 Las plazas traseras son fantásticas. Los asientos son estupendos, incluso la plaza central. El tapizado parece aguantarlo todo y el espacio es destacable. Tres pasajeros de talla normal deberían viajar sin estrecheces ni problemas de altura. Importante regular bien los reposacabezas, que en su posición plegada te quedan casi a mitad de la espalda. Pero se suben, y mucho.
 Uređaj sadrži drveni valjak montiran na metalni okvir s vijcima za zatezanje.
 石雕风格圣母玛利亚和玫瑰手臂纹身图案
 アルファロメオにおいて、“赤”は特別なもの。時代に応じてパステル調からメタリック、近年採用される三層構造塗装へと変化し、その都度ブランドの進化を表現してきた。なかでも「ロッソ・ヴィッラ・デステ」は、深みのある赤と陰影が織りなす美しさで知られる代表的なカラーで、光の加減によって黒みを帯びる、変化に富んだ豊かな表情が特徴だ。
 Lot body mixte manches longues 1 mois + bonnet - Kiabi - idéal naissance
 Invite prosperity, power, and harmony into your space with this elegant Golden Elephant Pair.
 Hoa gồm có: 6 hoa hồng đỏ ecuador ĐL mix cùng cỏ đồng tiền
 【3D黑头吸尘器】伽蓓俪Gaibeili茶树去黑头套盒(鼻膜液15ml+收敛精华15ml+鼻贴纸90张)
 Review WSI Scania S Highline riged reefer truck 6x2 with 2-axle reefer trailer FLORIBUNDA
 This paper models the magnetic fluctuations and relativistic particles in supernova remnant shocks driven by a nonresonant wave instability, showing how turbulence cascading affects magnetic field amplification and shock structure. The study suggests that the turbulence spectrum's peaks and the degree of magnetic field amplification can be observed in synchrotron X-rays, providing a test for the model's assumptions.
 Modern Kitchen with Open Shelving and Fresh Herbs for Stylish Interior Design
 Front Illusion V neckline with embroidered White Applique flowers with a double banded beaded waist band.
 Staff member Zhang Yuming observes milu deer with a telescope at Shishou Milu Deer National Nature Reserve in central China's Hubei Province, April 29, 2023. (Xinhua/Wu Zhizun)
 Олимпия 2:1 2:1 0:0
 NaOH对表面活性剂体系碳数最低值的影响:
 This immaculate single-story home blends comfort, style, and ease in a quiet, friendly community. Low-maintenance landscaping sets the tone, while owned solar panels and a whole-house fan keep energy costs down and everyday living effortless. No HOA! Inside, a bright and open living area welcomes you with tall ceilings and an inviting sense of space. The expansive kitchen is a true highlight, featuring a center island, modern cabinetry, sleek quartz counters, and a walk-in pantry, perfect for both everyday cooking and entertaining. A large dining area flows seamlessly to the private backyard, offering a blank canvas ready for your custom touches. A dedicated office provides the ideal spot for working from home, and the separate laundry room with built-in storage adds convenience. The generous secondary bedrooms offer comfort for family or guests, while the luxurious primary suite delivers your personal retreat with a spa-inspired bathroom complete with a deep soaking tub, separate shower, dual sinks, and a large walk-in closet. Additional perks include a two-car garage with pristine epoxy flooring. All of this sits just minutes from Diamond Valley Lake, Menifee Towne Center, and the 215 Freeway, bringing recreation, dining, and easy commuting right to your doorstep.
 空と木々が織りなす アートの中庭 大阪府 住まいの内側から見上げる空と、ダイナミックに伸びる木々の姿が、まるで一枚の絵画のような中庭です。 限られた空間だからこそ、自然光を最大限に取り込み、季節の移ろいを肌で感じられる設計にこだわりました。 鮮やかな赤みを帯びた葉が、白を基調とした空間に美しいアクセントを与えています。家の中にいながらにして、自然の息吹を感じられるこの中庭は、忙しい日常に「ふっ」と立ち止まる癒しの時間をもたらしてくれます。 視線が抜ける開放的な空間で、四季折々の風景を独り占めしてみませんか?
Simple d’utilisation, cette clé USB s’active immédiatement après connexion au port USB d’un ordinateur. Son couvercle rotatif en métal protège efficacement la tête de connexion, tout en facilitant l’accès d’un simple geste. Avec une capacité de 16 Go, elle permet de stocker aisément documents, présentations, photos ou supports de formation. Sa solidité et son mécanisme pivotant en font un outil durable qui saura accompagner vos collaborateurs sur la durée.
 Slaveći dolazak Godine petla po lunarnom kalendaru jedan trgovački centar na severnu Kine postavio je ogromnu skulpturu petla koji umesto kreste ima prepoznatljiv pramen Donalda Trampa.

· · · · · · ·

Assignment: The records above should all be quoted exactly, please.

Finished task:
 Las plazas traseras son fantásticas. Los asientos son estupendos, incluso la plaza central. El tapizado parece aguantarlo todo y el espacio es destacable. Tres pasajeros de talla normal deberían viajar sin estrecheces ni problemas de altura. Importante regular bien los reposacabezas, que en su posición plegada te quedan casi a mitad de la espalda. Pero se suben, y mucho.
 Uređaj sadrži drveni valjak montiran na metalni okvir s vijcima za zatezanje.
 石雕风格圣母玛利亚和玫瑰手臂纹身图案
 アルファロメオにおいて、“赤”は特別なもの。時代に応じてパステル調からメタリック、近年採用される三層構造塗装へと変化し、その都度ブランドの進化を表現してきた。なかでも「ロッソ・ヴィッラ・デステ」は、深みのある赤と陰影が織りなす美しさで知られる代表的なカラーで、光の加減によって黒みを帯びる、変化に富んだ豊かな表情が特徴だ。
 Lot body mixte manches longues 1 mois + bonnet - Kiabi - idéal naissance
 Invite prosperity, power, and harmony into your space with this elegant Golden Elephant Pair.
 Hoa gồm có: 6 hoa hồng đỏ ecuador ĐL mix cùng cỏ đồng tiền
 【3D黑头吸尘器】伽蓓俪Gaibeili茶树去黑头套盒(鼻膜液15ml+收敛精华15ml+鼻贴纸90张)
 Review WSI Scania S Highline riged reefer truck 6x2 with 2-axle reefer trailer FLORIBUNDA
 This paper models the magnetic fluctuations and relativistic particles in supernova remnant shocks driven by a nonresonant wave instability, showing how turbulence cascading affects magnetic field amplification and shock structure. The study suggests that the turbulence spectrum's peaks and the degree of magnetic field amplification can be observed in synchrotron X-rays, providing a test for the model's assumptions.
 Modern Kitchen with Open Shelving and Fresh Herbs for Stylish Interior Design
 Front Illusion V neckline with embroidered White Applique flowers with a double banded beaded waist band.
 Staff member Zhang Yuming observes milu deer with a telescope at Shishou Milu Deer National Nature Reserve in central China's Hubei Province, April 29, 2023. (Xinhua/Wu Zhizun)
 Олимпия 2:1 2:1 0:0
 NaOH对表面活性剂体系碳数最低值的影响:
 This immaculate single-story home blends comfort, style, and ease in a quiet, friendly community. Low-maintenance landscaping sets the tone, while owned solar panels and a whole-house fan keep energy costs down and everyday living effortless. No HOA! Inside, a bright and open living area welcomes you with tall ceilings and an inviting sense of space. The expansive kitchen is a true highlight, featuring a center island, modern cabinetry, sleek quartz counters, and a walk-in pantry, perfect for both everyday cooking and entertaining. A large dining area flows seamlessly to the private backyard, offering a blank canvas ready for your custom touches. A dedicated office provides the ideal spot for working from home, and the separate laundry room with built-in storage adds convenience. The generous secondary bedrooms offer comfort for family or guests, while the luxurious primary suite delivers your personal retreat with a spa-inspired bathroom complete with a deep soaking tub, separate shower, dual sinks, and a large walk-in closet. Additional perks include a two-car garage with pristine epoxy flooring. All of this sits just minutes from Diamond Valley Lake, Menifee Towne Center, and the 215 Freeway, bringing recreation, dining, and easy commuting right to your doorstep.
 空と木々が織りなす アートの中庭 大阪府 住まいの内側から見上げる空と、ダイナミックに伸びる木々の姿が、まるで一枚の絵画のような中庭です。 限られた空間だからこそ、自然光を最大限に取り込み、季節の移ろいを肌で感じられる設計にこだわりました。 鮮やかな赤みを帯びた葉が、白を基調とした空間に美しいアクセントを与えています。家の中にいながらにして、自然の息吹を感じられるこの中庭は、忙しい日常に「ふっ」と立ち止まる癒しの時間をもたらしてくれます。 視線が抜ける開放的な空間で、四季折々の風景を独り占めしてみませんか?
Simple d’utilisation, cette clé USB s’active immédiatement après connexion au port USB d’un ordinateur. Son couvercle rotatif en métal protège efficacement la tête de connexion, tout en facilitant l’accès d’un simple geste. Avec une capacité de 16 Go, elle permet de stocker aisément documents, présentations, photos ou supports de formation. Sa solidité et son mécanisme pivotant en font un outil durable qui saura accompagner vos collaborateurs sur la durée.
 Slaveći dolazak Godine petla po lunarnom kalendaru jedan trgovački centar na severnu Kine postavio je ogromnu skulpturu petla koji umesto kreste ima prepoznatljiv pramen Donalda Trampa.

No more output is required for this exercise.